__PROBLEM TO WORK ON__. Reproduce, unchanged, the lines between the one holding "Fachada con TQ" and the last line of the records, including both ends, but no pictures.

=======

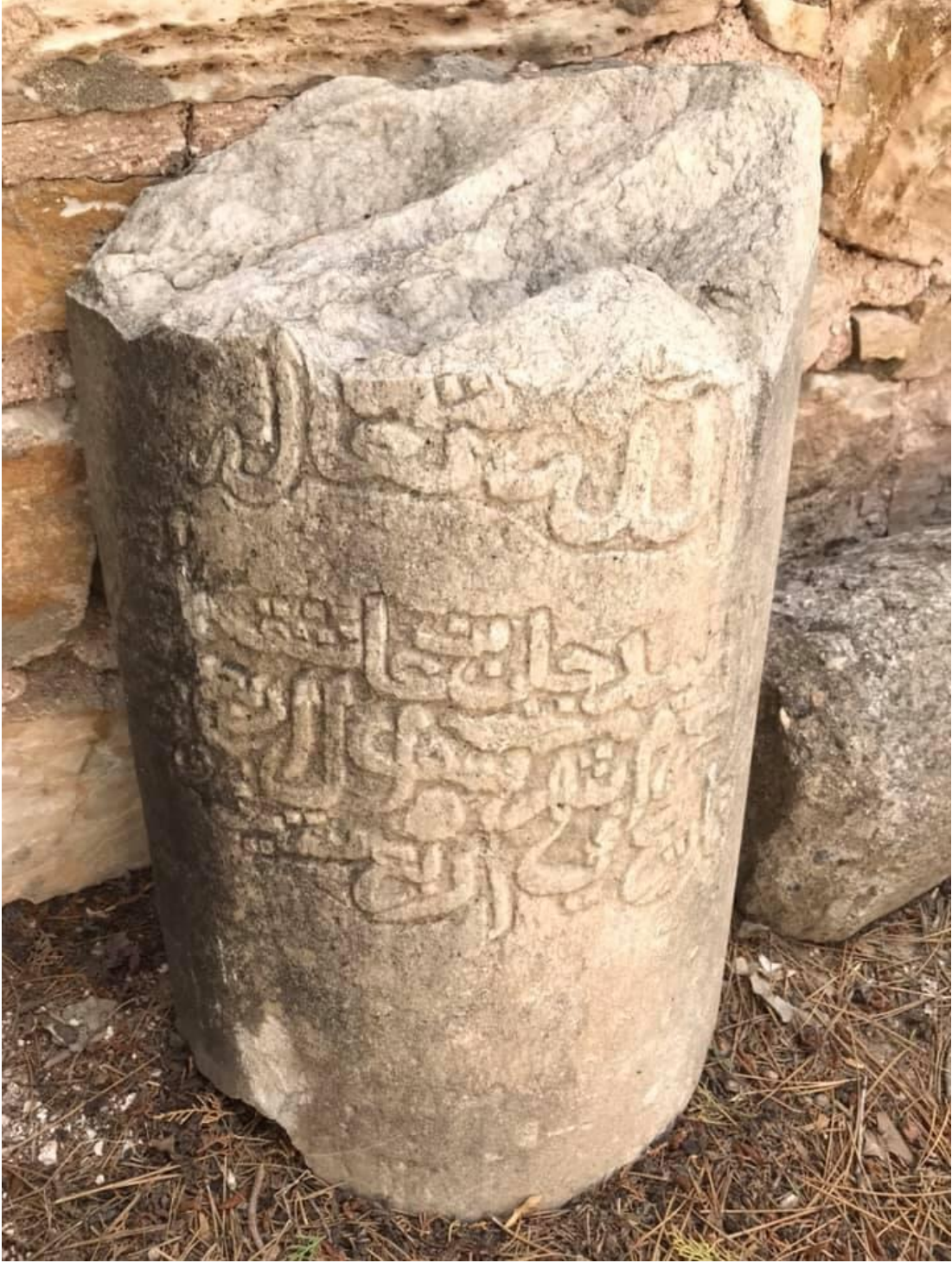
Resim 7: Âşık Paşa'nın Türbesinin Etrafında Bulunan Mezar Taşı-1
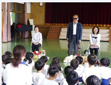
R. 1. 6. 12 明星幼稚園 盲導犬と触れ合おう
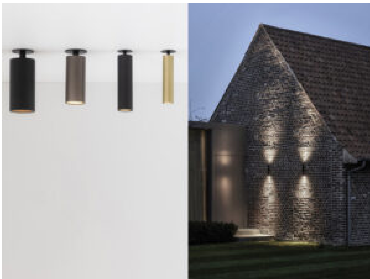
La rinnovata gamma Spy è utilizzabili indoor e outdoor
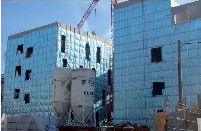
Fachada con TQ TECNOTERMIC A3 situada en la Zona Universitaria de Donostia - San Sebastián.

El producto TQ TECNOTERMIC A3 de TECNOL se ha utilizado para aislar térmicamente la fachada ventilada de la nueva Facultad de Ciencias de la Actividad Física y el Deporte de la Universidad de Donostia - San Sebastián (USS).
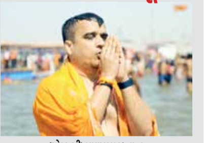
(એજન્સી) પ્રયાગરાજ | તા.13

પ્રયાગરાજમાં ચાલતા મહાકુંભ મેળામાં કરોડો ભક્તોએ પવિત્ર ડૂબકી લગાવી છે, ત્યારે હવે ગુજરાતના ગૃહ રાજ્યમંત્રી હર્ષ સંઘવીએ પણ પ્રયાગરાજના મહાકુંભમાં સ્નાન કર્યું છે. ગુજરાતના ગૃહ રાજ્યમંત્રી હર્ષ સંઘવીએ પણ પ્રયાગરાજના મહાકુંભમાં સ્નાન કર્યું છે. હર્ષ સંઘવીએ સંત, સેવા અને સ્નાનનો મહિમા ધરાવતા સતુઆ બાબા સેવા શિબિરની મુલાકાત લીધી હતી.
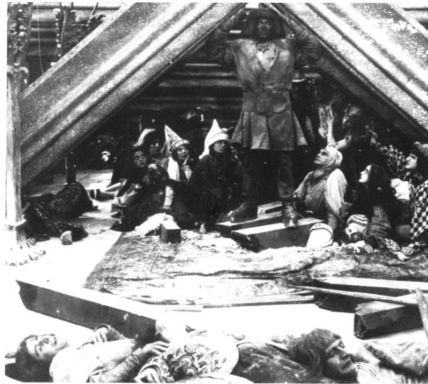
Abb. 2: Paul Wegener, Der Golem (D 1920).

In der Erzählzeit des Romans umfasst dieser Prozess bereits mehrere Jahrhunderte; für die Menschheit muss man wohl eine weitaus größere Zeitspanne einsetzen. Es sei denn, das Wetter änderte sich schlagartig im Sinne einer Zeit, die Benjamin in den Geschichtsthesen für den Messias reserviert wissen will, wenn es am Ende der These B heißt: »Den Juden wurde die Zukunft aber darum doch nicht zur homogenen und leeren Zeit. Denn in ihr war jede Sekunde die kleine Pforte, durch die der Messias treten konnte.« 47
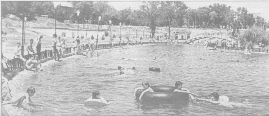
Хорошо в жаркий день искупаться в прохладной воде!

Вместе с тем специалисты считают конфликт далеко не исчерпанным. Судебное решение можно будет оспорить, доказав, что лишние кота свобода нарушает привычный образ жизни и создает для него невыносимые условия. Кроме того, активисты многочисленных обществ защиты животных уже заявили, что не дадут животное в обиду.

=======

__EXPECTED ANSWER__.
Fachada con TQ TECNOTERMIC A3 situada en la Zona Universitaria de Donostia - San Sebastián.

El producto TQ TECNOTERMIC A3 de TECNOL se ha utilizado para aislar térmicamente la fachada ventilada de la nueva Facultad de Ciencias de la Actividad Física y el Deporte de la Universidad de Donostia - San Sebastián (USS).
(એજન્સી) પ્રયાગરાજ | તા.13

પ્રયાગરાજમાં ચાલતા મહાકુંભ મેળામાં કરોડો ભક્તોએ પવિત્ર ડૂબકી લગાવી છે, ત્યારે હવે ગુજરાતના ગૃહ રાજ્યમંત્રી હર્ષ સંઘવીએ પણ પ્રયાગરાજના મહાકુંભમાં સ્નાન કર્યું છે. ગુજરાતના ગૃહ રાજ્યમંત્રી હર્ષ સંઘવીએ પણ પ્રયાગરાજના મહાકુંભમાં સ્નાન કર્યું છે. હર્ષ સંઘવીએ સંત, સેવા અને સ્નાનનો મહિમા ધરાવતા સતુઆ બાબા સેવા શિબિરની મુલાકાત લીધી હતી.
Abb. 2: Paul Wegener, Der Golem (D 1920).

In der Erzählzeit des Romans umfasst dieser Prozess bereits mehrere Jahrhunderte; für die Menschheit muss man wohl eine weitaus größere Zeitspanne einsetzen. Es sei denn, das Wetter änderte sich schlagartig im Sinne einer Zeit, die Benjamin in den Geschichtsthesen für den Messias reserviert wissen will, wenn es am Ende der These B heißt: »Den Juden wurde die Zukunft aber darum doch nicht zur homogenen und leeren Zeit. Denn in ihr war jede Sekunde die kleine Pforte, durch die der Messias treten konnte.« 47
Хорошо в жаркий день искупаться в прохладной воде!

Вместе с тем специалисты считают конфликт далеко не исчерпанным. Судебное решение можно будет оспорить, доказав, что лишние кота свобода нарушает привычный образ жизни и создает для него невыносимые условия. Кроме того, активисты многочисленных обществ защиты животных уже заявили, что не дадут животное в обиду.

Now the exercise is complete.